Рядом с ним Анна Тимофеевна казалась сотканной из энергии и изобретательности. Всеми силами старалась она ободрить его то веселым тоном, то возбуждением соревнования, рассказывая о каком-нибудь более деятельном помещике, то чуть не насильно отправляя его в степь, на охоту, или на ток, где тянулась вялая работа. Ничего не помогало. Из него бесповоротно вырабатывался тип землевладельца, лишенного каких-либо стремлений. "Авось" и "как люди, так и я" - единственные заповеди, которых он придерживался.
В конце концов он даже начал иронизировать над ее горячностью, посмеивался, если она рискнет произнести какое-нибудь вычитанное словечко. Стоило ей на один шаг выступить из границ той пошлости, в которую погрязло его существование, как он улыбался и непременно отвечал:
- Ого! Скажите пожалуйста!
Ее энергия начинала давить его. В нем развился антипатичный дух противоречий. Что бы она ни посоветовала, он поступал наоборот. Всякое ее стремление он старался охладить или насмешкой, или равнодушием, часто даже утрированным.
В усадьбу он уезжал теперь часто и иногда оставался там по целым неделям. Анну Тимофеевну интересовало, что его может привлекать туда.
- Как ты мне надоела! - отвечал он,- Никто не липнет ко мне, как ты,- вот мне и лучше там. Никто не лезет ко мне со своими советами; сделай то да займись этим. Живут себе люди, как все, и не горячатся без толку.
- Скажи, пожалуйста,- заметил он ей однажды,- чего ты заважничала? Право, посмотреть на тебя со стороны - подумаешь, бог весть что за птица. А на самом деле что ты из себя представляешь? Ведь без меня мочила бы теперь коноплю да белила бы хаты, была бы простой бабой. Ты, кажется, забыла, откуда ты родом...
Вот Анна Тимофеевна и взлелеяла мечту...
В продолжение целого года она скрывала ее от Александра Георгиевича, но потихоньку готовилась к осуществлению ее. Как только он уезжал из дома, она рылась в его шкафе с запыленными книгами, отыскивая такие, которые могли бы хоть немного подготовить ее. В то же время перебирала все получаемые газеты, надеясь и там найти указания.
Как-то воспользовалась случаем и расспросила доктора...
Выждав удобный час, она заговорила, наконец, и с Александром Георгиевичем. Она сообщила ему, что хочет ехать в Петербург, готовиться на фельдшерицу, и попросила у него скромной поддержки.
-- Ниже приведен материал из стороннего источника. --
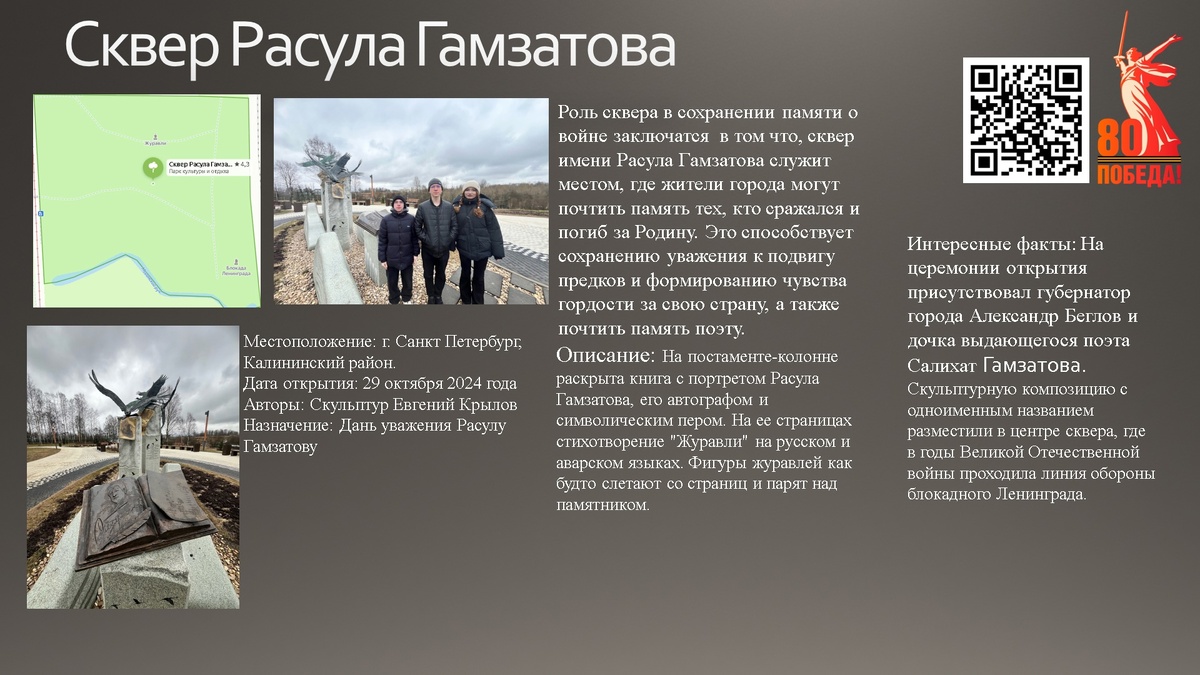 Ребята из команды "Гардарика" разработали авторскую инфографику по памятному месту Калининского района Санкт-Петербурга-Сквере Расула Гамзатова.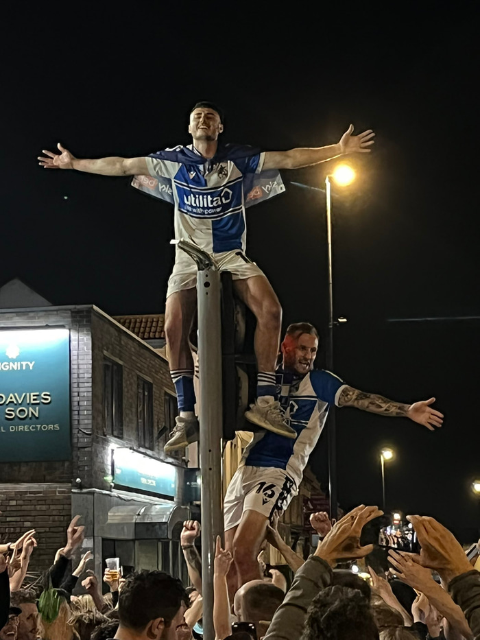Þetta þýddi að Bristol væri á leið í ensku C-deildina. En dramatíkin var ekki búin því stuðningsmenn félagsins hljópu inn á völlinn með blys og voru byrjaðir að fagna. Það tók sinn tíma að koma þeim af vellinum og einhverjum fimmtán mínútum síðar fór leikurinn aftur af stað.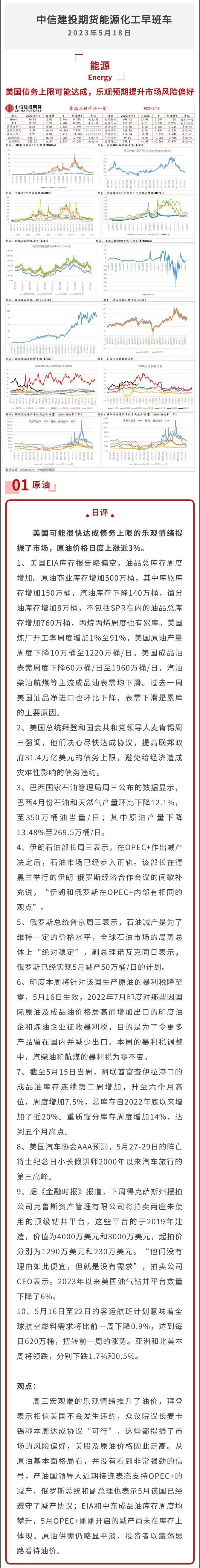 中信建投期货5月18日能源日报:美国债务上限可能达成,乐观预期提升市场风险偏好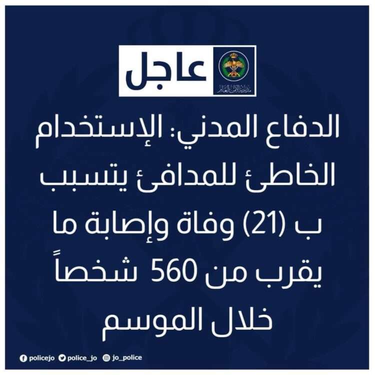 وأكد مدير الإسعاف والمساندة الإنسانية في مديرية الدفاع المدني العقيد أنور شديفات في حديثه لأمن إف إم أن مديرية الأمن العام لا تألوا جهدا في نشر الوعي وتقديم النصائح والإرشادات للمواطنين ورغم ذلك نجد أن البعض قد يستهين بخطورة المدافئ التي يعدّ الخطأ البسيط فيها قاتلاً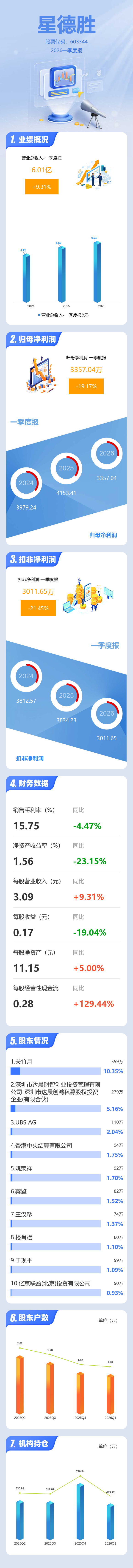 证券之星消息,星德胜2026年一季报显示,一季度公司主营收入6.01亿元,同比上升9.32%;归母净利润3357.04万元,同比下降19.17%;扣非净利润3011.65万元,同比下降21.45%;负债率33.41%,投资收益207.55万元,财务费用1298.99万元,毛利率15.75%。

Она ожидала взрыва хохота, но Александр Георгиевич был так удивлен, что даже не имел времени посмеяться над ней. И потом вдруг на него пахнуло чем-то далеким-далеким, временами студенчества. Ему стало как-то стыдно.
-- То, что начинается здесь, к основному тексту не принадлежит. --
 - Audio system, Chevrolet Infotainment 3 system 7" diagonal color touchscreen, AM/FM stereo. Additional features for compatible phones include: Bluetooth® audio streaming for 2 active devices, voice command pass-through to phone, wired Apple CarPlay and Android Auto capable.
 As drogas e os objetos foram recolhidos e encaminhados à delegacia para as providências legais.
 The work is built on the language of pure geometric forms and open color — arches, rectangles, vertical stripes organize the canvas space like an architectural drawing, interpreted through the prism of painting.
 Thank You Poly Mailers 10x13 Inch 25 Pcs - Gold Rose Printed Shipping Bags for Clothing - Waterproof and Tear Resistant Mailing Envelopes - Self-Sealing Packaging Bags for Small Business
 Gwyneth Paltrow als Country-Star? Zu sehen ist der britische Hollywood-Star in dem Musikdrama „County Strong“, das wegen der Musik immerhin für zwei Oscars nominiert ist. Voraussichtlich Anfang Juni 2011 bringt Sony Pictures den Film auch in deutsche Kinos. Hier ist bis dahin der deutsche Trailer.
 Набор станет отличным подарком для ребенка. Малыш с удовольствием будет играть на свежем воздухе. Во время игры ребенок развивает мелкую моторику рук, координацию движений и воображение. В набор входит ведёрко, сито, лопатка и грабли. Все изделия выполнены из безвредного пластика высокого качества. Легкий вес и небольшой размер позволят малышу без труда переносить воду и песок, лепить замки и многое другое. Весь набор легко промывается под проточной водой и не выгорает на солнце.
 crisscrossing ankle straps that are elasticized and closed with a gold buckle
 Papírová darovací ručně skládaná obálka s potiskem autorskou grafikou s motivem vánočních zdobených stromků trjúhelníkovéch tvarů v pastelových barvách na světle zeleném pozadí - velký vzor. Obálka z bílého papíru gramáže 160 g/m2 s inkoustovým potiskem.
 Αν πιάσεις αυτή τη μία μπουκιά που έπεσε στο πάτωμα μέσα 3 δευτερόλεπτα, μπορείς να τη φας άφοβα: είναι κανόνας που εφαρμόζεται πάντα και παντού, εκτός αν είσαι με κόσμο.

- Что ж, если ты, как говоришь, хорошо обдумала,- поезжай. Я тебе не помеха. Рассчитывай на мою поддержку.
Больше он ничего не сказал, но Анна Тимофеевна заметила, что он точно сконфузился. Весь этот день он был задумчив, часто вздыхал, несколько раз упомянул, кстати и некстати, о том, что ему уже сорок два года, что его жизнь прошла. Как-то внезапно заметил, что, если бы он не заехал в эту глушь, он сделал бы себе хорошую карьеру, жил бы в столице.
Анна Тимофеевна поняла, что ее мечта всколыхнула в его душе осадки молодости. Ей стало жаль его, но в то же время она почувствовала прилив гордости, и взлелеянная мысль показалась ей еще заманчивее.
Она уже не хотела объяснять свою главную цель - иметь на всякий случай кусок хлеба. Пусть понимает как хочет.
Весть о том, что Анна Тимофеевна собирается в Петербург "на курсы", разнеслась между соседями очень быстро и не вызвала ни одного сочувственного слова. Кто погрубее, говорил: "Вот дура-то!" - или: "С ума сошла". Кто помягче: "Чего это ей вздумалось".
В усадьбе, напротив, "поощрили" ее. Когда Александр Георгиевич съездил туда и вернулся на хутор, Анна Тимофеевна зорко посмотрела ему в глаза. Она знала, что он уже сообщил "там" новость, и ждала, в каком тоне он будет держать себя с нею. Она уже привыкла к тому, что каждый раз, когда он уезжал к тетке и сестре, то возвращался "напичканный" их мыслями.
На этот раз ему было ловко с нею, он был любезен и внимателен. Очевидно, затея Анны Тимофеевны встретила в усадьбе сочувствие. Но Александр Георгиевич, по простоте душевной, принял "поощрение" тетки и сестры за чистую монету и радостно сообщил об этом Анне Тимофеевне.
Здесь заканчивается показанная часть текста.